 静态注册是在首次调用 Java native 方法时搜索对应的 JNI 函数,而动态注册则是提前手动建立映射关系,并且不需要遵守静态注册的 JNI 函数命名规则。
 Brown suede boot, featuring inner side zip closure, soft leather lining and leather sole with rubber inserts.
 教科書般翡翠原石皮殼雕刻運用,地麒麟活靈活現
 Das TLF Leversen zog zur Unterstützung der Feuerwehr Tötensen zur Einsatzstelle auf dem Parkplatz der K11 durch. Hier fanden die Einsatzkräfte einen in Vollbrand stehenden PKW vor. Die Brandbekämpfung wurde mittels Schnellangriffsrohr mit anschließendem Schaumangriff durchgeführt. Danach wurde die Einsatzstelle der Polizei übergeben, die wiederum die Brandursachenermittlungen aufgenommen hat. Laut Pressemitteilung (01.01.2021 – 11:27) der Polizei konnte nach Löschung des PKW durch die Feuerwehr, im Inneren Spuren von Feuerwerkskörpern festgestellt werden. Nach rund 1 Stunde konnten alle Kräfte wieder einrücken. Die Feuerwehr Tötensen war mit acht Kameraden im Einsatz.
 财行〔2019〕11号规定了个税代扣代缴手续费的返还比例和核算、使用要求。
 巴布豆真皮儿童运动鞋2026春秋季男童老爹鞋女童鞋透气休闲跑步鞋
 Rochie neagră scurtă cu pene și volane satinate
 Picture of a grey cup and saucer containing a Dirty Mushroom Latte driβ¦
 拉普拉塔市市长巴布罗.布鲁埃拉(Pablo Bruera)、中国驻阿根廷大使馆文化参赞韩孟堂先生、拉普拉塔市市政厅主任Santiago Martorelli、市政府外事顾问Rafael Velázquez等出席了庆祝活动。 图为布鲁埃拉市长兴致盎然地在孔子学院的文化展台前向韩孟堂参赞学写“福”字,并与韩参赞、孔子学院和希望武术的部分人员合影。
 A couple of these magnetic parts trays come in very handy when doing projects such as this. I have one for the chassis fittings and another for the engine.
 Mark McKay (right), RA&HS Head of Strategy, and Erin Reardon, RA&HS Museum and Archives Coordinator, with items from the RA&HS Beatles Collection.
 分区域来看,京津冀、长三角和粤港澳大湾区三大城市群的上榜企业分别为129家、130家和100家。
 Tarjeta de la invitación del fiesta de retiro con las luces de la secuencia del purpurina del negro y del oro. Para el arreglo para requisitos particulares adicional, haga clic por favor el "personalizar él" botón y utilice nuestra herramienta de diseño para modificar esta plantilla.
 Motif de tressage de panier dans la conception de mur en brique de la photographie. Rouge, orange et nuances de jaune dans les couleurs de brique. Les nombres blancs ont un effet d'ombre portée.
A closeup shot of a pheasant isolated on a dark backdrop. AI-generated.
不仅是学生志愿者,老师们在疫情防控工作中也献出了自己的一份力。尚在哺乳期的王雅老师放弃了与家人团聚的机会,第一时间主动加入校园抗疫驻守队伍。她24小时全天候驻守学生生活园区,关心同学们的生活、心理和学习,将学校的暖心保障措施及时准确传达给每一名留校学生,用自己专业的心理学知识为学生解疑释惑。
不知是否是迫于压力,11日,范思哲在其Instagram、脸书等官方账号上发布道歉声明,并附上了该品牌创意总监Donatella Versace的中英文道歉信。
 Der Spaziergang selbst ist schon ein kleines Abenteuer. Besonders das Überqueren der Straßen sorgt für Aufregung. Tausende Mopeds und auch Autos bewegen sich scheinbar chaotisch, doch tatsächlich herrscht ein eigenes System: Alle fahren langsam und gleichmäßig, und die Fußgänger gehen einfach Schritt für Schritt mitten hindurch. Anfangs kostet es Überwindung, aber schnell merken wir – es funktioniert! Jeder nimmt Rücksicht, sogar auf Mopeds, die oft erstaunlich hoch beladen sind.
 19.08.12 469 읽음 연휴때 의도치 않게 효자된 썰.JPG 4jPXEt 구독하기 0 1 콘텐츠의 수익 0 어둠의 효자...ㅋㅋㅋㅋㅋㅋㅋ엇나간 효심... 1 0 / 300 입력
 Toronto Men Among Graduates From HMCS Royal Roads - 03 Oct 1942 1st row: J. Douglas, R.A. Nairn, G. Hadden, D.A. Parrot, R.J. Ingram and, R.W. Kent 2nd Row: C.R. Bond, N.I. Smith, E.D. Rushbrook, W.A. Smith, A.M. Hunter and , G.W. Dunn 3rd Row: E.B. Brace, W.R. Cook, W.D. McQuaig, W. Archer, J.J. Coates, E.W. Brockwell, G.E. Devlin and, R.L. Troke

(About this task): Lines wanted from the listing above: the line with "Der Spaziergang selbst" up to and including the line with "19.08.12 469 읽음". Please write them out exactly, adding nothing else.

(Answer box):
 Der Spaziergang selbst ist schon ein kleines Abenteuer. Besonders das Überqueren der Straßen sorgt für Aufregung. Tausende Mopeds und auch Autos bewegen sich scheinbar chaotisch, doch tatsächlich herrscht ein eigenes System: Alle fahren langsam und gleichmäßig, und die Fußgänger gehen einfach Schritt für Schritt mitten hindurch. Anfangs kostet es Überwindung, aber schnell merken wir – es funktioniert! Jeder nimmt Rücksicht, sogar auf Mopeds, die oft erstaunlich hoch beladen sind.
 19.08.12 469 읽음 연휴때 의도치 않게 효자된 썰.JPG 4jPXEt 구독하기 0 1 콘텐츠의 수익 0 어둠의 효자...ㅋㅋㅋㅋㅋㅋㅋ엇나간 효심... 1 0 / 300 입력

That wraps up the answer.